### Data section

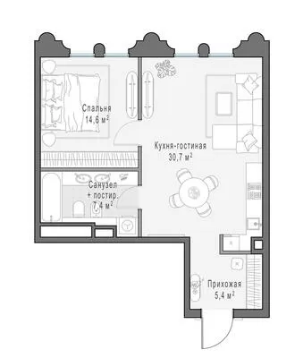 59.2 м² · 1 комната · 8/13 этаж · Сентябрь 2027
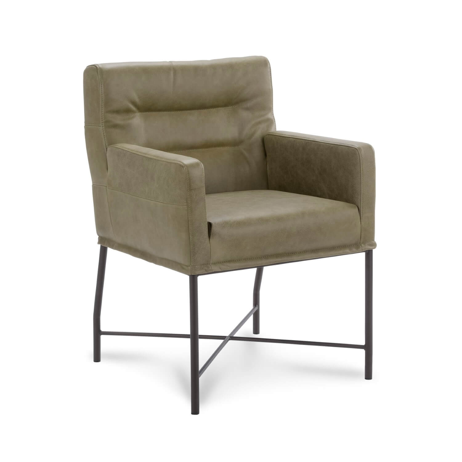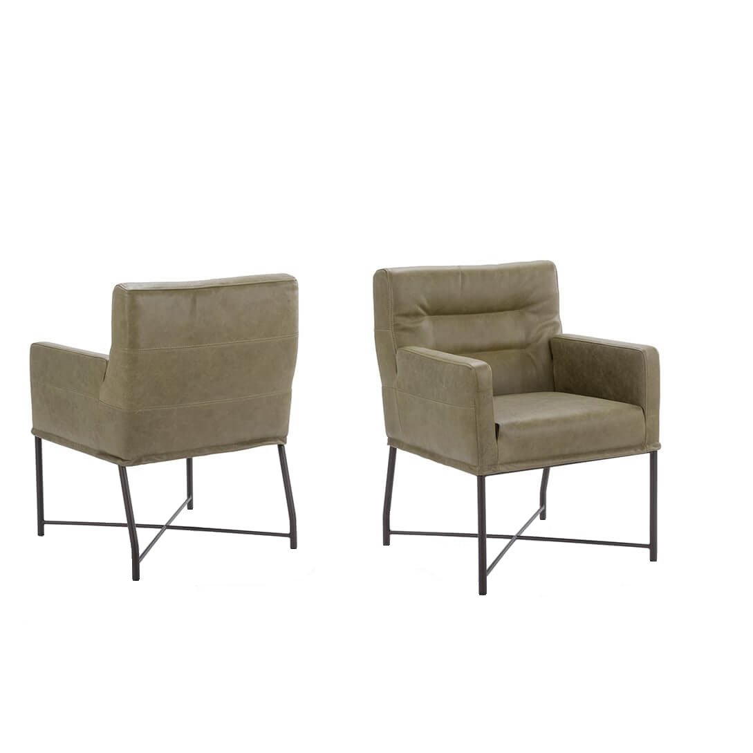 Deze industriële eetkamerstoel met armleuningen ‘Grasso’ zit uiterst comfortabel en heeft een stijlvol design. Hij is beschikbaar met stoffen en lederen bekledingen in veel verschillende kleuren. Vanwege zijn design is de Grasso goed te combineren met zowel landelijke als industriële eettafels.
...
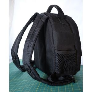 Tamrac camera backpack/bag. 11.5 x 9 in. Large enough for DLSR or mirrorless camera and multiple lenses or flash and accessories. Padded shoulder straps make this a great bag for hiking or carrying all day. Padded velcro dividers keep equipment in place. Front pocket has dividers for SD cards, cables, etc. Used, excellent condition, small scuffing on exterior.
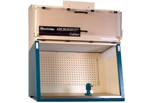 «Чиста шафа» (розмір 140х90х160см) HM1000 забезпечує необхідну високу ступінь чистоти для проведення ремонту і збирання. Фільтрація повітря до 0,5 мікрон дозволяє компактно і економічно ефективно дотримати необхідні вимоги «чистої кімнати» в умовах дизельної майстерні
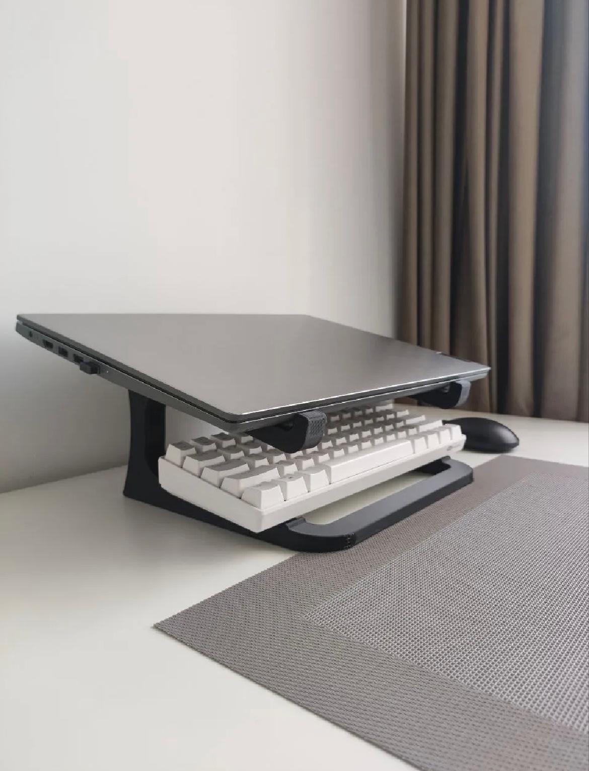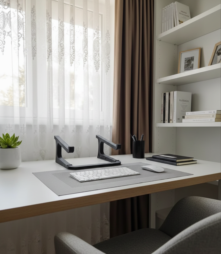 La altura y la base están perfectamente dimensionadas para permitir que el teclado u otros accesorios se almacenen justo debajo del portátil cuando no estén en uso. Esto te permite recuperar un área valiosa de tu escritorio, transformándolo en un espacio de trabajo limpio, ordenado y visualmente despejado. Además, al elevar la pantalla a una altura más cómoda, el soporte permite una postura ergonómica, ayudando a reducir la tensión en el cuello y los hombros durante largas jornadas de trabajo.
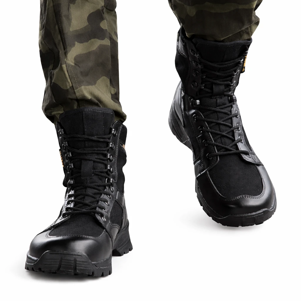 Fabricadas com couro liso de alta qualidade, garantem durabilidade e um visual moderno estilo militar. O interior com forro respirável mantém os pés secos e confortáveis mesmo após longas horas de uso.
* * *
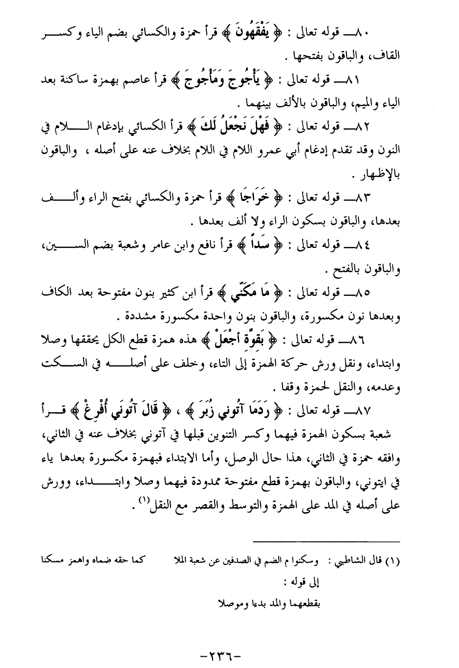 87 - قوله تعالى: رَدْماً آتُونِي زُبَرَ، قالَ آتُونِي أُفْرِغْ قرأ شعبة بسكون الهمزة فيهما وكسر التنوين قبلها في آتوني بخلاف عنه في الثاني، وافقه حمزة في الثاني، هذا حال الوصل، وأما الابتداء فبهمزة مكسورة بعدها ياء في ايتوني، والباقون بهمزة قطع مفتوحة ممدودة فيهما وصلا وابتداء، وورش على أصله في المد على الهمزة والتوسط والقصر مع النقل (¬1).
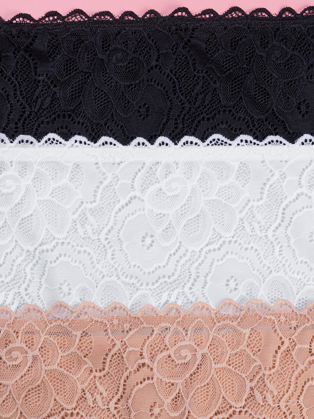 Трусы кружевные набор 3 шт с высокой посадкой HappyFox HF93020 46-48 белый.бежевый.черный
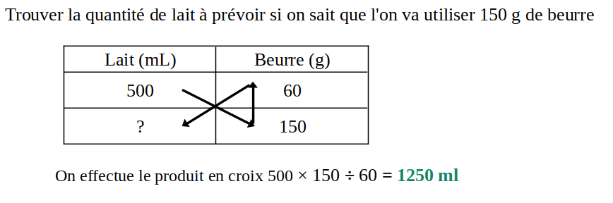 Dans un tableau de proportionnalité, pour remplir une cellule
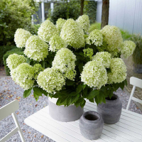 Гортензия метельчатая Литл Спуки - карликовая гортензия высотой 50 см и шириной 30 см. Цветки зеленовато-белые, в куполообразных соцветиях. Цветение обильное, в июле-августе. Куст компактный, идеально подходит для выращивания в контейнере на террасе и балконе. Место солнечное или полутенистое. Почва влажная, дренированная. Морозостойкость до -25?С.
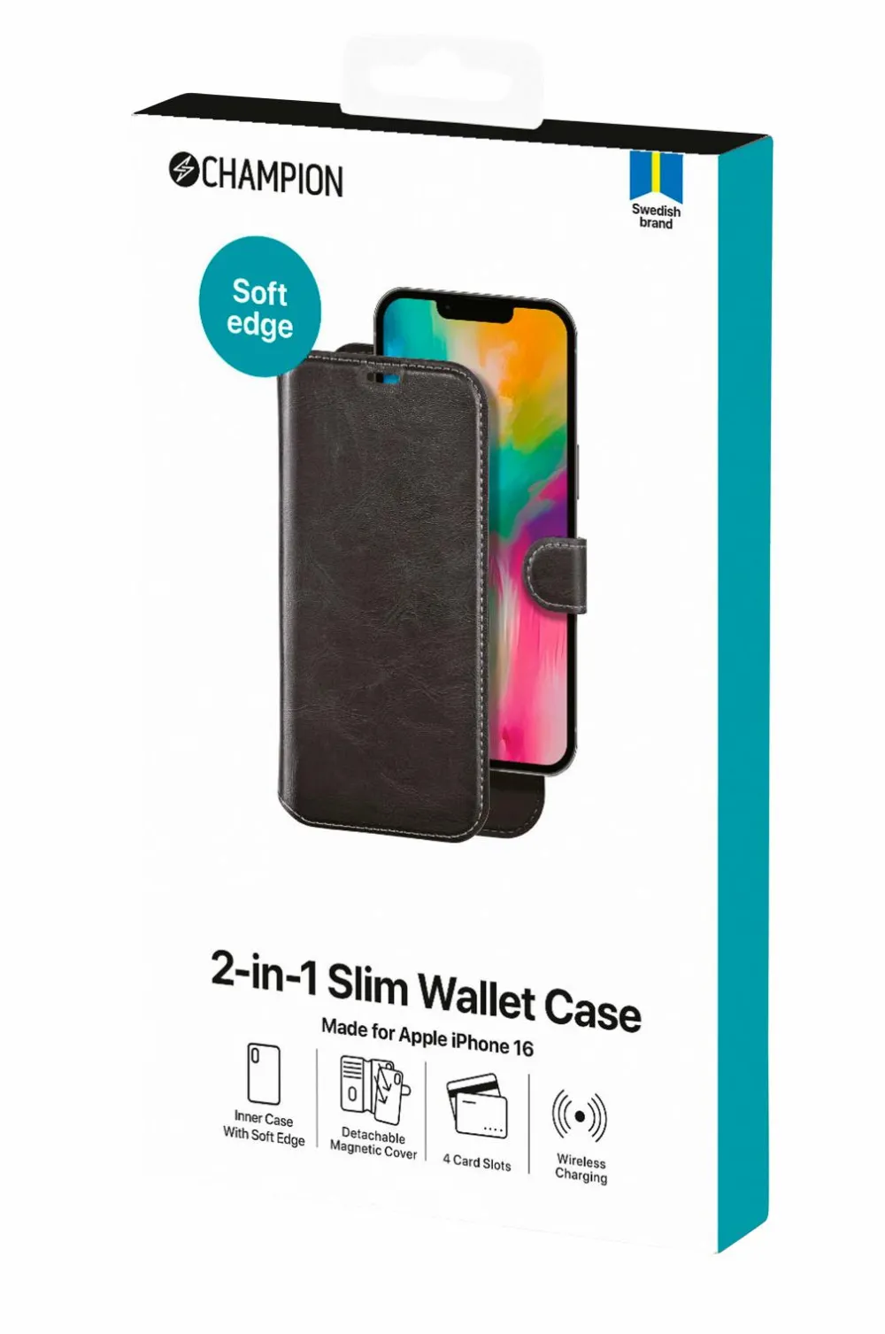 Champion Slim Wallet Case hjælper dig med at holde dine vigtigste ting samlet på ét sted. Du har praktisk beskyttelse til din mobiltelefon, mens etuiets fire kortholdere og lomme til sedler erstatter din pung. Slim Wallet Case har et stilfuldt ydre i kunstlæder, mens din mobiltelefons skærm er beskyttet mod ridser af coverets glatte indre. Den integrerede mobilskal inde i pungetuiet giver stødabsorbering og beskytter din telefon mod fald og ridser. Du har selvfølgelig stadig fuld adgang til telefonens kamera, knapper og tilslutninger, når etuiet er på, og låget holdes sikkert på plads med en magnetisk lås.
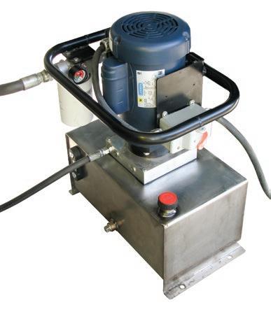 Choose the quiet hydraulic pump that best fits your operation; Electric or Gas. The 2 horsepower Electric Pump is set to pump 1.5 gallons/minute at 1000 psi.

### What the task requires
The lines above from the line with "59.2 м² · 1" through the line with "Deze industriële eetkamerstoel" are to be given again word for word, with no pictures among them.

### Answer to this problem
 59.2 м² · 1 комната · 8/13 этаж · Сентябрь 2027
 Deze industriële eetkamerstoel met armleuningen ‘Grasso’ zit uiterst comfortabel en heeft een stijlvol design. Hij is beschikbaar met stoffen en lederen bekledingen in veel verschillende kleuren. Vanwege zijn design is de Grasso goed te combineren met zowel landelijke als industriële eettafels.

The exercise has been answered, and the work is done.